- _What the exercise asks_:
Reproduce exactly only the lines from the line that holds "Zum Beispiel im" to the line that holds "美利云:融资净买入94.27万元,融资余额3.84亿元(12-15)", inclusive, in the listing below, and please leave out every picture.

- _Extracted data_:

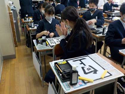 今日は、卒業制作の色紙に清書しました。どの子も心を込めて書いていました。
--
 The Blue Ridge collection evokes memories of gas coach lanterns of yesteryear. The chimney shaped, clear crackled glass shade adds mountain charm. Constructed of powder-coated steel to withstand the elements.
* * *
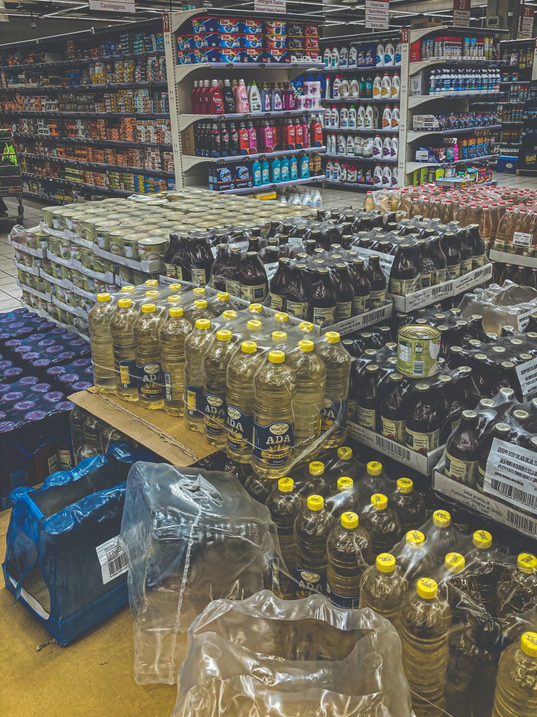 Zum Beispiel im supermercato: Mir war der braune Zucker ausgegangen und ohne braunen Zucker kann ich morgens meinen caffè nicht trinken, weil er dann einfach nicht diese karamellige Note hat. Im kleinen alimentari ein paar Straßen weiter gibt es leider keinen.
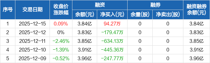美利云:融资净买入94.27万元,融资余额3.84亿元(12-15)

- _Response to this task_:
 Zum Beispiel im supermercato: Mir war der braune Zucker ausgegangen und ohne braunen Zucker kann ich morgens meinen caffè nicht trinken, weil er dann einfach nicht diese karamellige Note hat. Im kleinen alimentari ein paar Straßen weiter gibt es leider keinen.
美利云:融资净买入94.27万元,融资余额3.84亿元(12-15)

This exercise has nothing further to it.